2. 11. 2017 Zu Besuch bei von ansalia.ch

Schon lange wollte ich mir Praxiserfahrung in der Technik des Siebdrucks holen. Die Gelegenheit ergab sich Im Atelier „Sieblieb“ bei Franziska Lang in Däniken im Kanton Solothurn. Ich dufte dort einen Einführungskurs besuchen. Es war mit Sicherheit nicht mein letzter Besuch bei der sympathischen und äusserst versierten Fachfrau.

Ihr Atelier in der Hausgemeinschaft Takatuka (dazu später mehr) ist eine perfekt eingerichtete und organisierte Werkstatt mit allen Apparaturen, Farben, Werkzeugen und Hilfsmitteln, die es für diese Technik braucht.

Was ist Siebdruck?

Farbe wird mit Hilfe eines Rakels durch ein feines Sieb auf Stoff, Papier, Holz, Kunststoffe etc. gestrichen. Das Sieb wird an den Stellen, wo keine Farbe sein soll undurchlässig gemacht - das Motiv/Muster selbst bleibt durchlässig. Rudimentär kann bereits simples Zeitungspapier eingesetzt werden, um ein Sieb abzudecken und einfache, aber effektvolle Drucke herzustellen. Für strapazierfähigere Lösungen, wie bei Seriendrucken erforderlich, wird mit lichtempfindlicher Emulsion gearbeitet. Ein Sieb wird mit diesem sogenannten Siebfüller bestrichen. Das gewünschte Motiv wird als schwarz-weiss-Folien-Vorlage auf das vorbereitete Sieb aufgelegt und unter Glas und Vakuum mit UV-Licht belichtet. Nach ca. 15 Minuten kann das Sieb ausgewaschen werden, dabei löst sich die Emulsion an den Stellen, wo die Folie schwarz war. An diesen Stellen kann anschliessend die Farbe gedruckt werden.

Das tönt ganz simpel – ist es auch – aber in den Details kann auch ganz schön viel in die Hosen gehen. So habe ich auch schon fixfertig belichtete Siebe beim unvorsichtigen Auswaschen ruiniert. Aber auch das sind Lernprozesse und macht einen reich an Erfahrung.
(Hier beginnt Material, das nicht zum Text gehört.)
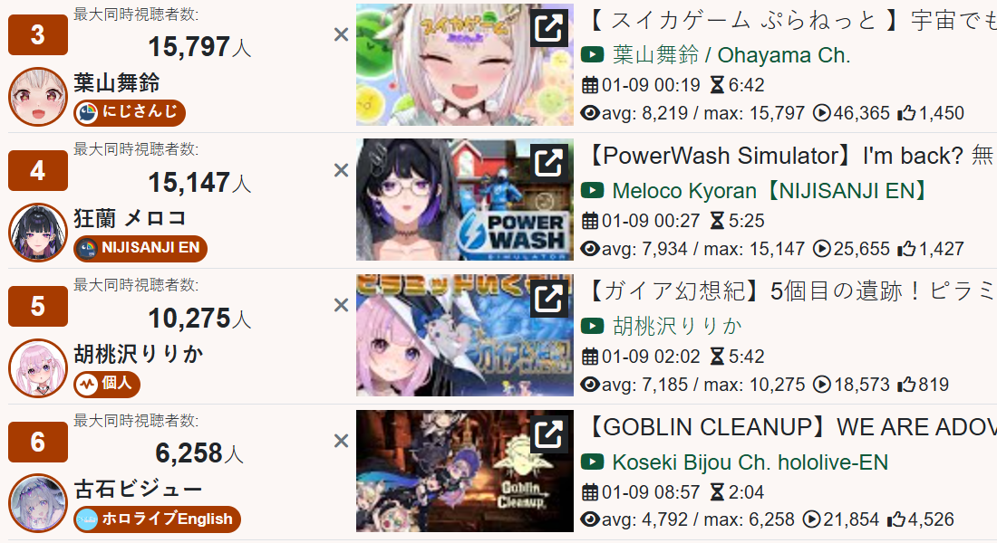 *GENERAL NUMBERFAG SITES*>https://playboard.co/en/>http://ikioi-ranking.com/>https://vrabi.net/>https://www.vstats.jp>https://live-ranking.userlocal.jp/vtuber-ranking>https://vt.poi.cat/Hololive sites>https://www.hololyzer.net/youtube/index.html>https://trackholo.live/en/>https://holo-spotify-stats.jirikunes.eu/Twitch sites>https://sullygnome.com/>https://twitchtracker.com/>https://stats.roki.sh/>https://streamscharts.com/
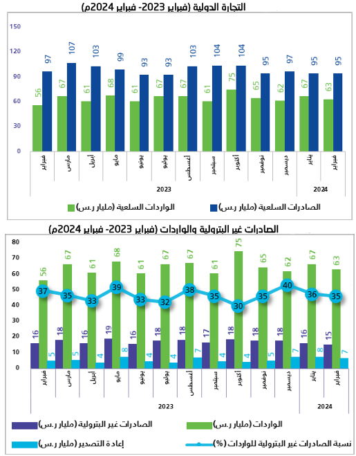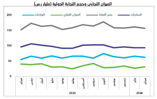 وارتفعت الواردات خلال فبراير بنسبة 12.3% فيما انخفضت الصادرات السلعية البترولية بنسبة 3.8% مقارنة بالشهر ذاته من العام الماضي مع تراجع إنتاج المملكة من النفط بعد تطبيقها للخض الطوعي منذ منتصف العام الماضي.
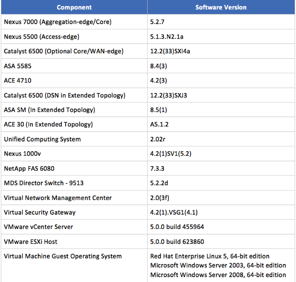 The specific HW & SW components that were used for validation of VMDC Release 3.0 are:
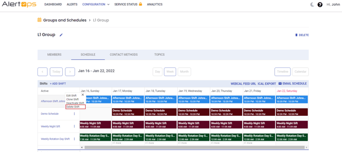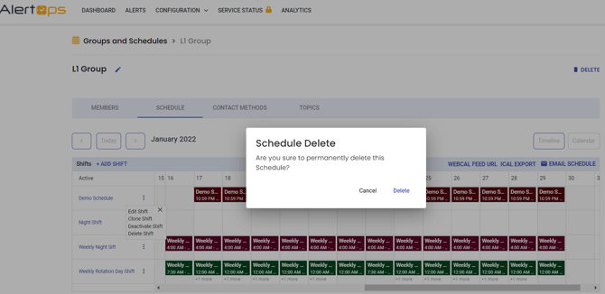 December 3, 2025 Delete Schedule Navigate to Configuration -> Groups & Schedules Select a corresponding group and click the Schedules tab. Under Active, click the Delete Shift wish to remove. Click Delete to confirm
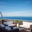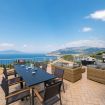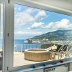 Il primo piano è composto da un salotto con divano e TV in un unico ambiente con cucina attrezzata e ampia terrazza panoramica con vista mare dotata di divani e poltrone;un tavolo da pranzo per 10 persone ed una jacuzzi riscaldabile esterna da 4 persone. Su questo piano troviamo due camere da letto matrimoniali (una con bagno privato), una camera con due letti singoli a castello e un ulteriore bagno.
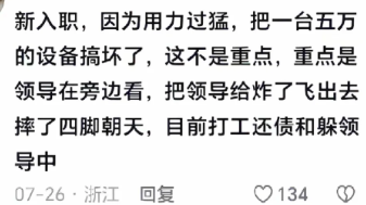 新入职,因为用力过猛,把一台五万的设备搞坏了,这不是重点,重点是领导在旁边看,把领导给炸了飞出去摔了四脚朝天,目前打工还债和躲领导中

Diese Technik kennt kaum Grenzen, denn so Vieles ist möglich. Ratsam ist es als Anfängerin mit einfarbigen Drucken auf Papier zu beginnen. Ich habe mich mit zweifarbigen Drucken auf Stoff bereits etwas weiter gewagt und schnell gemerkt, dass auch hier Stolpersteine liegen können. Dafür braucht es nämlich auch zwei verschiedene Siebe, die die jeweiligen Flächen abdecken. Der erste Druck ist noch easy, aber der zweite muss natürlich passgenau über den vorangegangen zu liegen kommen. Auch hier habe ich Ausschuss produziert und gemerkt, dass es Fingerfertigkeit und Geduld braucht, um perfekte Druckergebnisse zu erzielen.

Wer bei Franziska Lang einen Einsteigerkurs besucht hat, darf ihr Atelier samt Infrastruktur zu einem moderaten Stundenpreis auch künftig nutzen. Davon habe ich bereits Gebrauch gemacht und Kissenbezüge für ein ansalia-Projekt sowie Küchentücher für den ansalia-Shop bedruckt. https://ansalia.ch/shop/claudia-hk

Und was ist Takatuka?

Die Siebdruckerin hat zusammen mit einem befreundeten Architekten vor 20 Jahren ein Konzept für eine Wohngemeinschaft realisiert. Das Gebäude besteht aus ca. 30 Wohnungen, Ateliers und Werkräumen und verbindet Wohnen, Arbeiten und Kultur. Wer hier zu Hause ist, legt Wert auf Gemeinschaft und kann neben seiner eigenen Wohnung Gärten, Kinderspielplätze, Kultur- und Gemeinschaftsräume, Bioladen, Kopiergerät und Mittagstischraum samt Küche nutzen. Franziska Lang bewohnt mit Ihrem Mann und ihrer 10jährigen Tochter eine Wohneinheit. Kulturanlässe für Jung und Alt wie Konzerte und Theater, aber auch unterhaltsame Jassabende und Kleiderbörsen sind im Jahresprogramm von Takatuka zu finden. http://takatuka.ch/site/category/kultur/

Vielen Dank Franziska für deine zahlreichen Tipps und Unterstützung bei meinen Gehversuchen in Sachen Siebdruck. Dein sorgsamer Umgang mit Ressourcen und deine achtsame Einstellung zur Schonung der Umwelt für uns und künftige Generationen haben mich beeindruckt.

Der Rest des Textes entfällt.